Your thread was originally "Answered", though no longer. It still says "solved" - is it?

As it stands, it's not true. Don't you mean $f(b)>g(b)$ ?

Let $a,b \in \mathbb{R}$ and let $f,g \in C([a,b])$. Suppose $f(a)<g(a)$ and $f(b)>g(b)$. Prove that there is a $c \in (a,b)$ such that $f(c)=g(c)$.

Edit: Solved.

I was thinking of assuming that f(a)<f(b), proving it holds for this case and then prove the other cases (f(b)>f(a), g(a)<g(b), g(b)<g(a)).

For the first case I get:

g(b)<f(b)<f(a)<g(a)

By IVT:
For all y in [g(b),g(a)] there exists c in [a,b] such that g(c)=y.

For all y in [f(b),f(a)] there exists d in [a,b] such that f(d)=z.

Then as f is continuous and bounded below and above by g(b),g(a) respectively, we can set z=y.

So if y=z, this implies, c=d hence, f(c)=g(c).

You don't have to assume f(a)<g(b) - you're told that.

I'm not clear what your cases are there.

You might find a diagram useful.



In bold - interval is [f(a),f(b)], though even the idea that it is an interval requires the IVT.

We can't set z=y, as we don't even know if thest two intervals [f(a),f(b)], [g(b),g(a)] overlap.

The method to use is the one atsruser just posted.
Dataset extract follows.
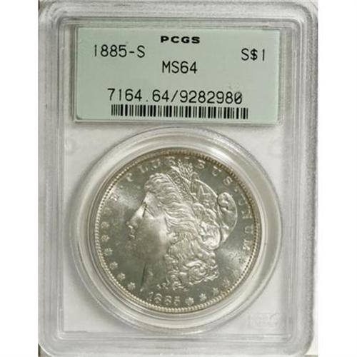 <B>1885-S $1 MS64 PCGS.</B></I> PCGS Population (1784/397). NGC Census: (1166/193). Mintage: 1,497,000. Numismedia Wsl. Price for NGC/PCGS coin in MS64: $580. (#7164)<BR><BR><B>Coin Engraver:</B> George T. Morgan<BR><BR><b>Shipping:</b> Coins & Currency (<a target="_blank" href="http://www.heritageauctions.com/common/shipping.php">view shipping information</a>)

Construct the function g(x)-f(x) or the negative thereof, and consider what values it takes at a,b, in particular their sign.

or is the diagram enough to answer the question?

I am not assuming f(a)<g(b), I am assuming f(a)<f(b).

Sorry, misread. The whole thing got to be rather confusing - trying to follow what you were doing.

That's fine. I think I am making it more complicated than it should be.

f(a) - g(a) < 0
f(b) - g(b) > 0

So by IVT there exists a $c$ in (a,b) such that f(c)-g(c)=0.

Then f(c)=g(c).

Is that right?